Introduction

In December 2019, a novel coronavirus (severe acute respiratory syndrome coronavirus 2, SARS-CoV-2) emerged in China and has since spread globally. A large proportion of patients admitted to hospital for coronavirus disease 2019 (COVID-19) develop acute respiratory distress syndrome (ARDS) criteria according to the Berlin definition [1,2,3]. ARDS is an acute inflammatory lung injury, associated with increased pulmonary vascular permeability, increased lung weight and loss of aerated lung tissue, affecting 23% of mechanically ventilated critically ill patients. The hospital mortality of ARDS is estimated between 35 and 46% depending on ARDS severity [4, 5]. However, the death rate in COVID-19 patients with ARDS appears to be higher, up to 66% [2]. It has been suggested that COVID-19 pneumonia-associated ARDS is a specific disease or perhaps a specific phenotype of ARDS, whose distinctive features are severe hypoxaemia initially associated with relatively well-preserved lung mechanics [6, 7]. A possible explanation for such severe hypoxaemia occurring in compliant lungs is the loss of lung perfusion regulation and hypoxic vasoconstriction.

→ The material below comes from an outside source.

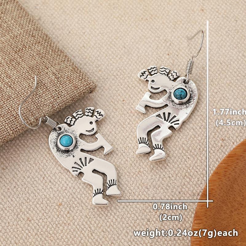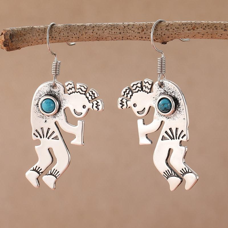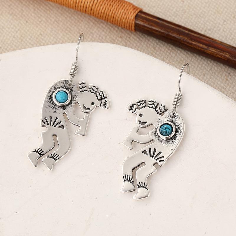 Golden plated whimsical dancing figures with sunray patterns in lightweight, durable jewelry.

In addition, COVID-19 ARDS patients have higher plasma markers of coagulation, such as D-dimers, increased prothrombin time and a lower platelet count [2, 8,9,10,11,12]. Endothelial dysfunction and microvascular thrombosis could therefore also explain the specific pulmonary findings in severe COVID-19—high dead space and impaired oxygenation in the absence of significant decrease in pulmonary compliance. Post-mortem studies and lung biopsies of SARS-CoV-2 patients with ARDS indeed demonstrated pulmonary fibrin deposition with hyaline membranes in the alveolar spaces and extensive pulmonary microvascular thrombi [13,14,15].

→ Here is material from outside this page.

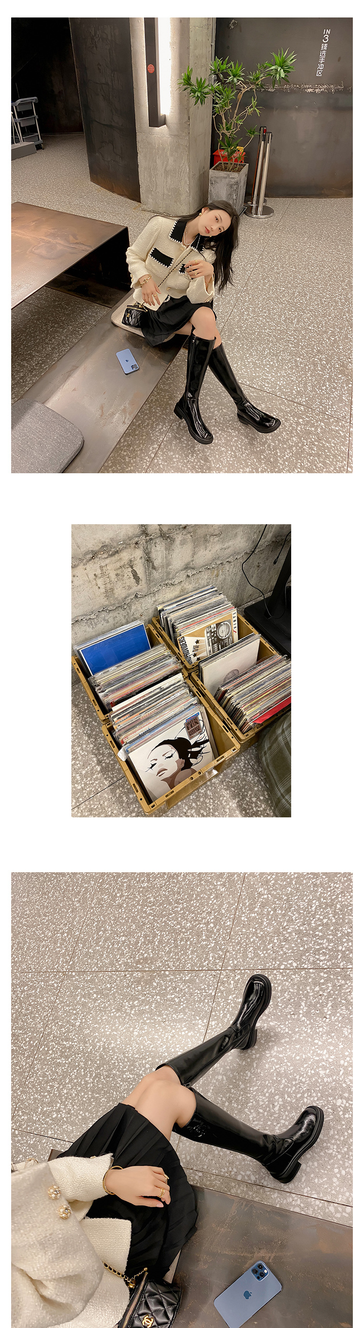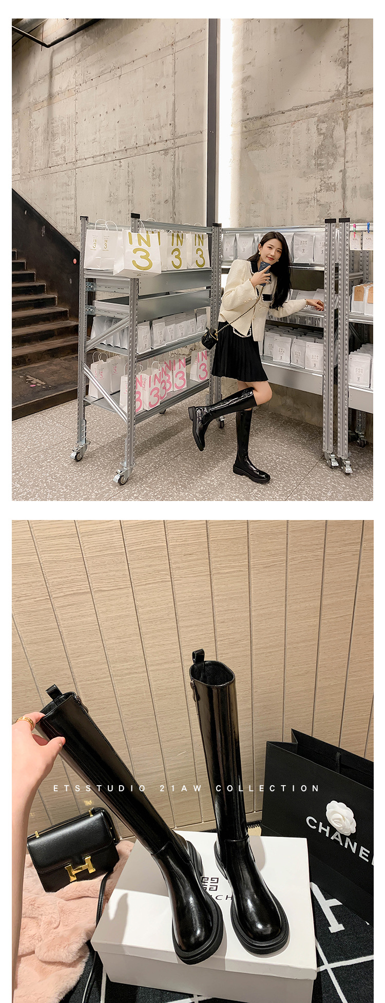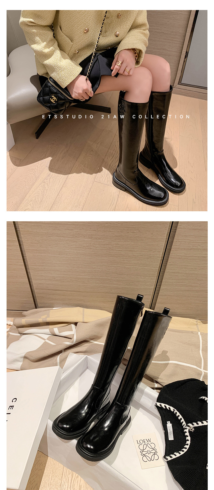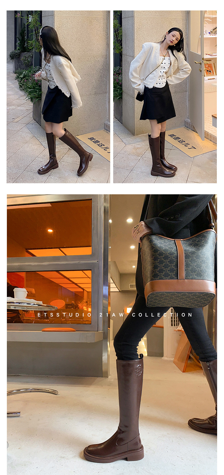 위안 서클 전체 소가죽 ~ 새로운 동백 가죽 높은 부츠 여성 기사 부츠 다크 브라운 부츠 작은 향기로운 부츠스토어 가기

Pulmonary disease severity is also related to an aggressive host inflammatory response to SARS-CoV-2 infection, with release of an uncontrolled cytokine storm inflicting damage to other organs including the cardiac, hepatic and renal systems [16].

In this focused review, we present the biological and scientific rationale for the use of nebulised UFH for COVID-19 pneumonia and ARDS in hospitalised patients and make a call for an urgent, global approach to the investigation of its therapeutic potential for this devastating condition.

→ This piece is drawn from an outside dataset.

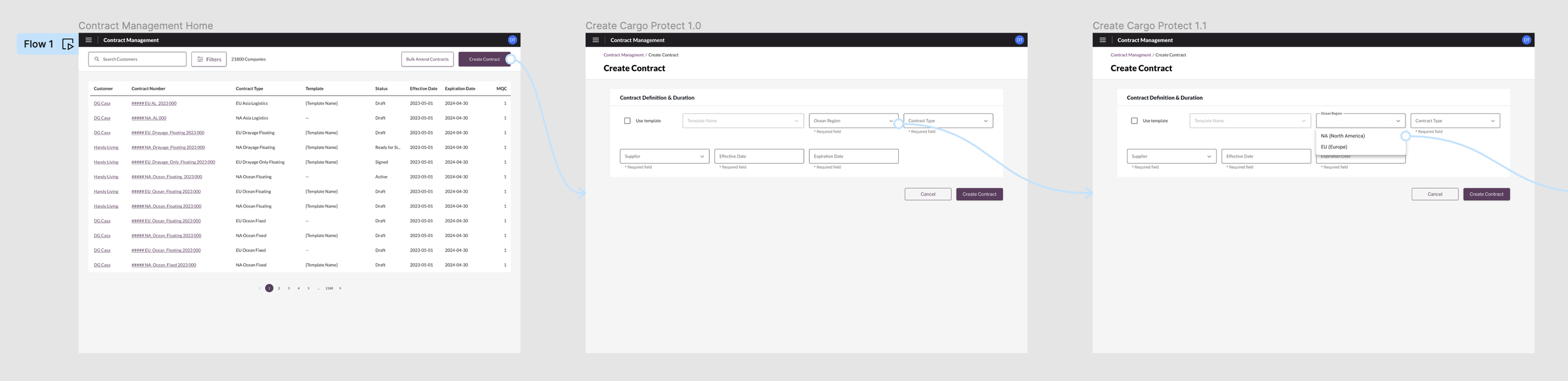 Balancing time constraints and technical feasibility, we ultimately opted for the MVP design that seamlessly integrated into the existing contract creation process. Here, abstract data and user flows were transformed into tangible design solutions for streamlining Cargo Protect contracts.

Biological rationale: pathophysiology of COVID-19

The pathophysiology of COVID-19 associated ARDS is summarised in Fig. 1a and is characterised by diffuse alveolar damage, hyperinflammation, coagulopathy, DNA neutrophil extracellular traps (NETS), hyaline membranes and microvascular thrombosis.

Fig. 1
figure 1

a Lung injury in coronavirus disease 2019 (COVID-19). Severe acute respiratory syndrome coronavirus 2 (SARS-CoV-2) binds to angiotensin-converting enzyme 2 (ACE-2) primarily on type II alveolar cells. After endocytosis of the viral complex, surface ACE-2 is downregulated, resulting in unopposed angiotensin II accumulation. SARS-CoV-2 further causes lung injury through activation of residential macrophages, lymphocyte apoptosis and neutrophils. The macrophages produce cytokines and chemokines, resulting in a cytokine storm. Inflammatory exudate rich in plasma-borne coagulation factors enters the alveolar space, followed by expression of tissue factor by alveolar epithelial cells and macrophages and the formation of fibrin and the hyaline membrane. Neutrophils in the alveoli cause formation of NETs, composed of extracellular DNA, cytotoxic histones and neutrophil elastase, which cause further lung injury. COVID-19 also induces microvascular endothelial damage leading to increased permeability, expression of tissue factor with coagulation activation and thrombus formation. b Proposed effects of inhaled nebulised unfractionated heparin (UFH) in COVID-19 lung injury. UFH prevents SARS-CoV-2 from binding to ACE-2 and from entering the alveolar cells. UFH reduces formation of the hyaline membrane and microvascular thrombosis, counteracts the hyperinflammation and the formation of NETs, increases NO release with vasodilation and also has mucolytic properties. NETs, neutrophil extracellular traps; SARS-CoV-2, severe acute respiratory syndrome coronavirus 2; ACE-2, angiotensin-converting enzyme 2; COVID-19, coronavirus disease 2019. Permission was granted by © Beth Croce, Bioperspective.com to reuse this figure

Infection, inflammation and coagulopathy

SARS-CoV-2 binds to angiotensin-converting enzyme-2 (ACE-2) to gain cellular entry. ACE-2 is widely expressed in the lungs, predominantly on alveolar type II epithelial cells, but also on bronchial epithelial cells and on arterial and venous endothelial cells [17, 18]. ACE-2 hijacking prevents angiotensin II degradation. Angiotensin II signals through the type 1 angiotensin receptor, causing vasoconstriction and lung injury, including endothelial injury leading to tissue factor expression and coagulation cascade activation [19]. Widespread endothelial inflammation and apoptosis leading to endothelial dysfunction in multiple organs are associated with direct viral infection of endothelial cells in COVID-19, as well as immune-mediated responses to infection of pulmonary alveolar cells, and a pro-coagulant state [20].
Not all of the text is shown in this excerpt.